Writing on the theme of strange tales of Aotearoa New Zealand, seven Kiwi authors weave stories of people and creatures displaced in time and space, risky odysseys, and even more dangerous discoveries. Featuring:
Lee Murray and Piper Mejia‘s odyssey through a dystopic future: Mika A.C. Buchanan‘s story of creatures and people displaced in time and space: Bree’s Dinosaur Grant Stone‘s tale of jealous muses and musical prodigy: The Last A husband with a secret in I.K. Paterson-Harkness‘ Pocket Wife Tim Jones‘ exploration of desperation and betrayal on New Zealand’s shores: Landfall Grief, ghosts, and atoms in Octavia Cade‘s The Ghost of Matter
From indie publishers, Paper Road Press, we have the first in what will be, hopefully, a series of anthologies: "Shortcuts: Track 1". This instalment offers up a collection of fine speculative fiction from a selection of New Zealand authors. The tales are diverse and engaging, long enough to immerse and engage the reader, but short enough to devour in a single sitting.

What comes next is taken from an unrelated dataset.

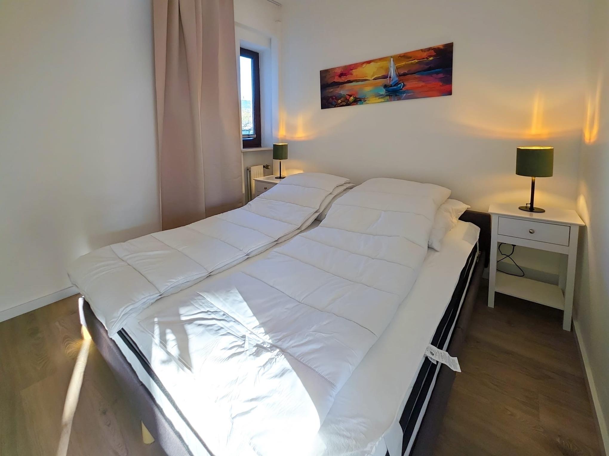 Im zweiten separaten Schlafzimmer finden Gäste ein Doppelbett mit Nachttischen und Lämpchen, Kleiderschrank und Spiegel. Zudem verfügt die Ferienwohnung über eine separate Küchenzeile und ein Bad mit Dusche und WC.

We begin with "Landfall" by Tim Jones, a chilling near-future tale. New Zealand has become a distant haven for refugees escaping a world altered by climate change. But it is not, truly, a haven, for the beaches are patrolled, and outsiders - and those that aid them - are greeted with guns and hostility. Nasimul is one such refugee, fleeing his homeland of Bangladesh. Donna is a soldier, trained to hunt and kill.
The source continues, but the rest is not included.